> _Dataset entries_:
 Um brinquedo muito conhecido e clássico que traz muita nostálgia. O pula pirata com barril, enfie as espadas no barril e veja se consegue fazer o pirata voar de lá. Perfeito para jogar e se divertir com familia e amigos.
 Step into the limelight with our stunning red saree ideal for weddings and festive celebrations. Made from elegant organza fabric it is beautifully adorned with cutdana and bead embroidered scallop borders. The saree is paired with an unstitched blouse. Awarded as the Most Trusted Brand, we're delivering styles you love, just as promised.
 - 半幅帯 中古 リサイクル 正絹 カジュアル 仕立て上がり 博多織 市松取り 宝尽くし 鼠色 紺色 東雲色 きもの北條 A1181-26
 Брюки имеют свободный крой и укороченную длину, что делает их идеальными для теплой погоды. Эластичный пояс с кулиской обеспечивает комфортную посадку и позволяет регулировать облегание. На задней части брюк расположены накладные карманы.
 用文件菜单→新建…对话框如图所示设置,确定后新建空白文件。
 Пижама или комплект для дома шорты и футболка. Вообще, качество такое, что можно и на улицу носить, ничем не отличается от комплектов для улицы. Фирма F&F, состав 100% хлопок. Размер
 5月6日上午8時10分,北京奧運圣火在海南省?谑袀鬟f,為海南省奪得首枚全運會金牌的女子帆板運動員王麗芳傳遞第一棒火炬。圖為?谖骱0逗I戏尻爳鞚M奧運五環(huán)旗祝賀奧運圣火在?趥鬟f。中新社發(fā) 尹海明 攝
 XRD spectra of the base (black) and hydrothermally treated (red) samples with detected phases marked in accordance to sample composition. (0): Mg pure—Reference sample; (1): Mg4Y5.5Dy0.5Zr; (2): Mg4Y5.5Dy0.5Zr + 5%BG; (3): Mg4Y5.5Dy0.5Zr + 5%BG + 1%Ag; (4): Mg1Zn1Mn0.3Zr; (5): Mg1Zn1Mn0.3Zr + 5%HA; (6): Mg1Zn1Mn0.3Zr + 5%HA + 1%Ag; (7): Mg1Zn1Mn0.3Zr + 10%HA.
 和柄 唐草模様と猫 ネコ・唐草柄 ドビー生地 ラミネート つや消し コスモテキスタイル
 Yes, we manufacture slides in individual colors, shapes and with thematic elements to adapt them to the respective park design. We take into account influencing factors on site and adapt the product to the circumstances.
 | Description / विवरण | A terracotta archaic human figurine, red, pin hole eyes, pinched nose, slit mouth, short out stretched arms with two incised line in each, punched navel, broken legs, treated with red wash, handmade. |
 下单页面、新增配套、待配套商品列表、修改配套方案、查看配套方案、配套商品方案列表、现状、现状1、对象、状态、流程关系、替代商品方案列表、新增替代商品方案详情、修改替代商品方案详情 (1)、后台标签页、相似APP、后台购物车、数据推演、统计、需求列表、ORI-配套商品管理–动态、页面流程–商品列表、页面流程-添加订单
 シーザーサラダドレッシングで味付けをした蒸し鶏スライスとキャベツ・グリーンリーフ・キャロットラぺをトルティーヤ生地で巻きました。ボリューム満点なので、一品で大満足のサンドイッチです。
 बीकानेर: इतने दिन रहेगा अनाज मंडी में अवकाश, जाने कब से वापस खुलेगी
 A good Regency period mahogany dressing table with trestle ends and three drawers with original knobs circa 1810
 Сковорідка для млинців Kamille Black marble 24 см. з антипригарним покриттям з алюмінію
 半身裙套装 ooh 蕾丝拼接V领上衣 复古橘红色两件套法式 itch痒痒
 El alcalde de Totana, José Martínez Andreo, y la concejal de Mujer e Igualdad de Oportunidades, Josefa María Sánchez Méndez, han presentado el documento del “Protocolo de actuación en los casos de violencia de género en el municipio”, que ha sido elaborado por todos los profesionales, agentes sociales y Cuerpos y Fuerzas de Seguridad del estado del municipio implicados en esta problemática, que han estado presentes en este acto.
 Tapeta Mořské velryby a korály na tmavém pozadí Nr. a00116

> _Exercise prompt_: The lines of the records that contain the string "treated" should be located and copied.

> _Your response_:
 XRD spectra of the base (black) and hydrothermally treated (red) samples with detected phases marked in accordance to sample composition. (0): Mg pure—Reference sample; (1): Mg4Y5.5Dy0.5Zr; (2): Mg4Y5.5Dy0.5Zr + 5%BG; (3): Mg4Y5.5Dy0.5Zr + 5%BG + 1%Ag; (4): Mg1Zn1Mn0.3Zr; (5): Mg1Zn1Mn0.3Zr + 5%HA; (6): Mg1Zn1Mn0.3Zr + 5%HA + 1%Ag; (7): Mg1Zn1Mn0.3Zr + 10%HA.
 | Description / विवरण | A terracotta archaic human figurine, red, pin hole eyes, pinched nose, slit mouth, short out stretched arms with two incised line in each, punched navel, broken legs, treated with red wash, handmade. |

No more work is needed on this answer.